Более крупным писателем был Владислав Реймонт, виднейший представитель польского натурализма. Его эпопея “Мужики”, принесшая автору Нобелевскую премию в 1924 году, считалась вершиной его творчества. Сейчас она несколько заслонена другим, более ранним романом Реймонта “Земля обетованная”, посвященным фабричной Лодзи; интерес к этой книге за пределами Польши был спровоцирован снятым по ее мотивам фильмом Анджея Вайды. Перевод четырех частей “Мужиков”, выполненный Ходасевичем, был опубликован в 1910–1912 годах. Примечательно, что как раз в это же время два других издательства (Саблина и “Современные проблемы”) издали другие переводы романа – Высоцкого и Троповской. Перевод Троповской, авторизованный, впоследствии неоднократно переиздавался. Такой широкий интерес к роману был вполне объясним: отраженная в нем социальная проблематика была близка русской литературной традиции с ее “мужиколюбием”. Исследователи отмечают многочисленные параллели между “Мужиками” и произведениями русских писателей той поры (вспомнить хотя бы “Деревню” Бунина). Другое дело, в какой мере это было интересно Ходасевичу. Можно с уверенностью сказать: ни в какой или в очень малой. Переводы крестьянской прозы – это была механическая работа для заработка, никак не пересекавшаяся с его внутренней жизнью.
Гораздо ближе Ходасевичу был Зигмунд Красинский, младший в тройке великих польских романтиков, человек противоречивой судьбы и безотрадного миросозерцания. Сын царского генерала, он не был формально эмигрантом, но предпочитал жить в Париже. Консерватор и монархист, одновременно польский националист – а значит, в каком-то смысле бунтарь. Он писал стихи и романы, но вершина его творчества – две пьесы в прозе, “Небожественная комедия” и “Иридион”. Ходасевич перевел для “Пользы” вторую пьесу, в оригинале вышедшую в 1836 году, и написал к ней предисловие. Действие пьесы происходит в первые века нашей эры; герой – грек, восстающий против римских завоевателей.
Есть два знамени бунта: месть и освобождение. Иридион выбрал первое – и погиб. Если бы он взял второе, он бы также погиб: дело в обоих случаях одинаково решилось бы физическим превосходством Рима. Но важно не это.
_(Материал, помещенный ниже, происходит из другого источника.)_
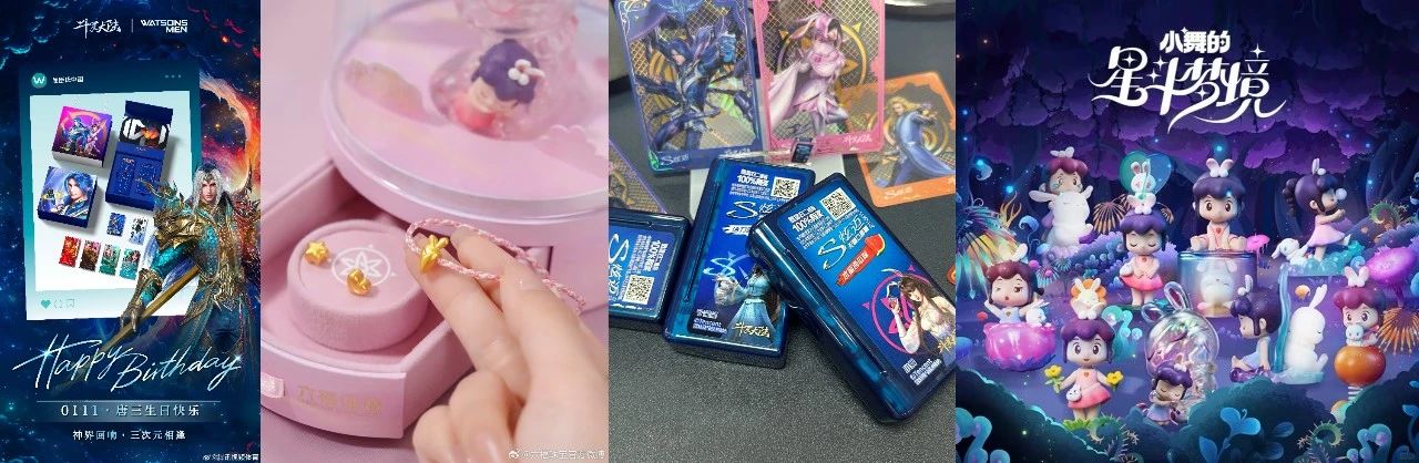 以《斗罗大陆》IP为例,除了和《迷你世界》《香肠派对》《永劫无间》等游戏作品频频进行内容联名之外,斗罗还与炫迈推出限定合作款口香糖礼盒;与周六福推出“小舞兔存金罐”礼盒;与屈臣氏推出“斗罗大陆动画X屈臣氏男士”联名颜值守护套装;与模联社合作推出《斗罗大陆-小舞的星斗梦境》系列盲盒手办……可以说是国漫跨界“顶流”之一。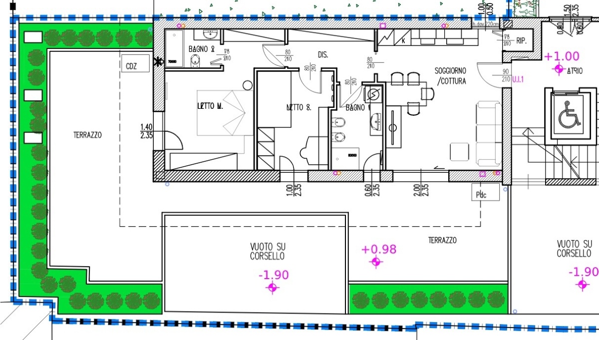 All’interno di questa nuova costruzione proponiamo in vendita un elegante trilocale con un ampio terrazzo di 85 mq, perfetto per chi desidera coniugare comfort, design e spazi all’aperto.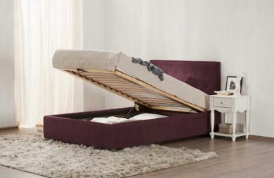 - Кровать комплектуется ламельной сеткой из натуральной древесины или сеткой на металлическом каркасе, которая подымается с помощью газового подъемника и открывает доступ к нише для постельных принадлежностей;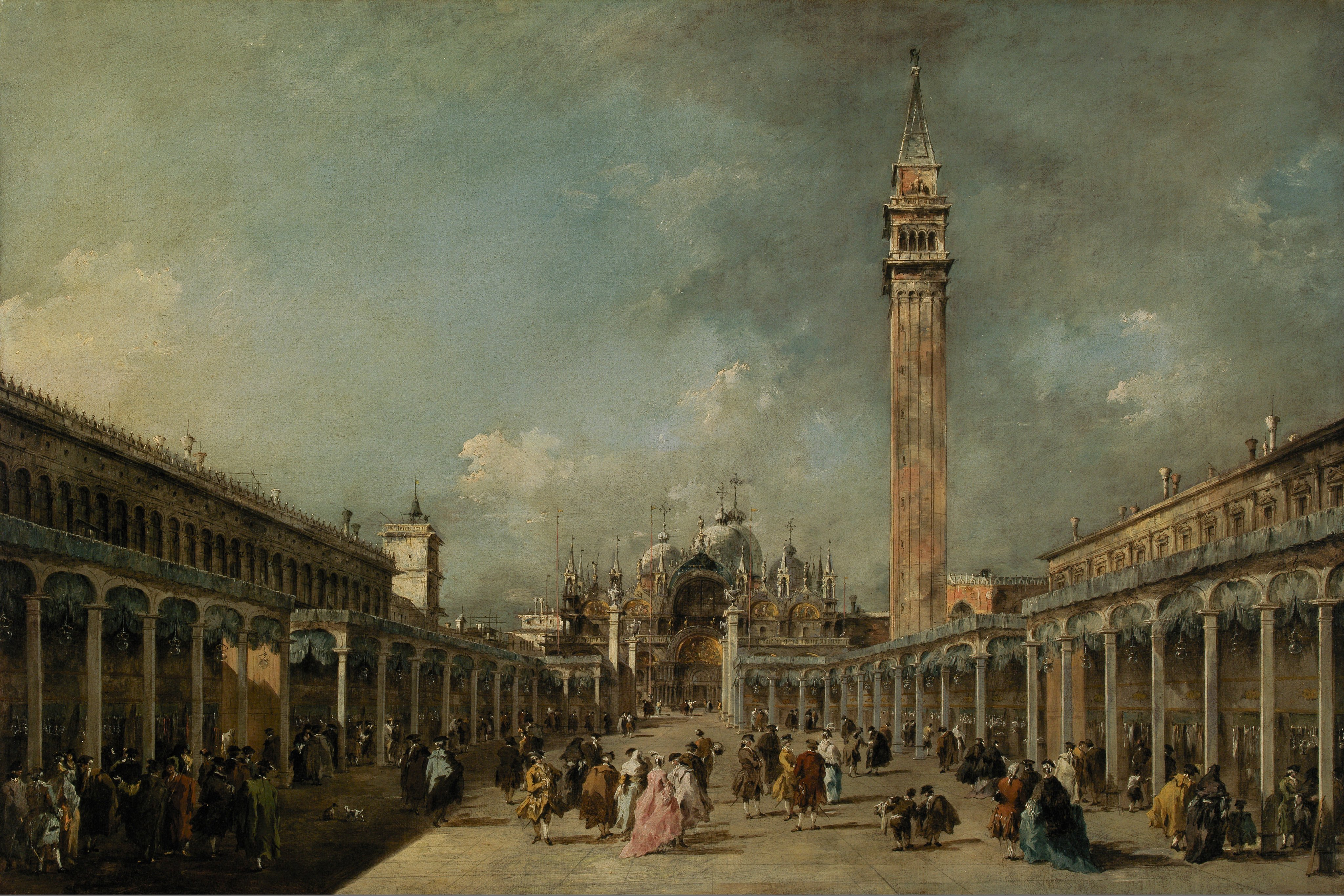 Considerada uma das obras-primas de Guardi, a veduta representa a Praça de São Marcos decorada para a realização do mais sumptuoso festival de Veneza, a Festa della Sensa. Este acontecimento vivia no Dia da Ascensão a cerimónia de celebração do casamento simbólico entre Veneza e o mar, evocação da vitória longínqua que dera à cidade o controlo naval do Adriático.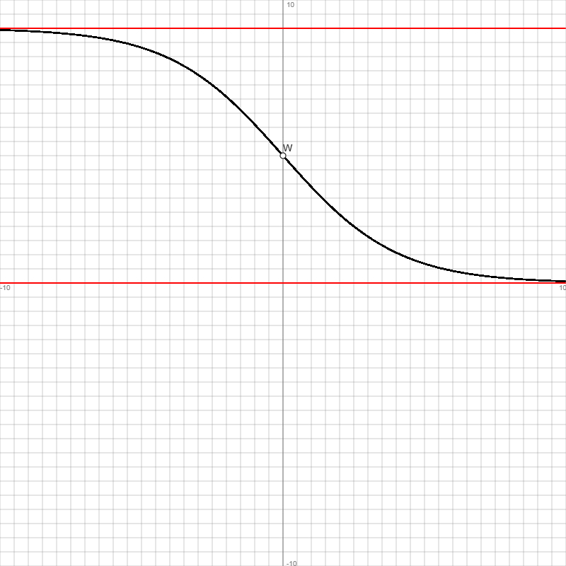 Funktion: f(x) = 9/(1+ex/2), Df = R, Wf = (0; 9), reelle Funktion, x -> -∞: f(x) -> 9 = y als Grenzkurve, x -> +∞: f(x) -> 0 = y als Grenzkurve ->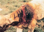 animal (usually some sort of livestock, but an injured soldier or a human baby isn’t out of the question) in search of a place to lay her eggs. She prefers wounds, but may also settle on using the eyes, nostrils, or anus of her victim to construct a nursery. Next, the 200-or-so eggs hatch, and the larvae start burrowing into their host’s flesh. Once they’re situated in their cozy little meat tunnels, the infant flies continue to feed and grow. The bigger they get, the more they have to eat. Eventually, this creates a whole lot of festering and oozing on the host, which attracts more flies, which lay more eggs, which do more feeding and burrowing. It’s a brutal onslaught, and a swift one. Screwworm larvae are reportedly capable of consuming an entire sheep or dog from the inside out in five to seven days.

Велика любовь Иридиона, и велика ненависть. Он восстал, как язычник, мститель и разрушитель. Христиане не вышли из катакомб своих и не помогли ему. Епископ Виктор в конце концов благословил римского императора, а не греческого мятежника. Масинисса, откровенно названный “сыном бездны”, обольстил Иридиона радостью мщения, но едва ли не больше “попутал” он христианского епископа, благословившего угнетателя.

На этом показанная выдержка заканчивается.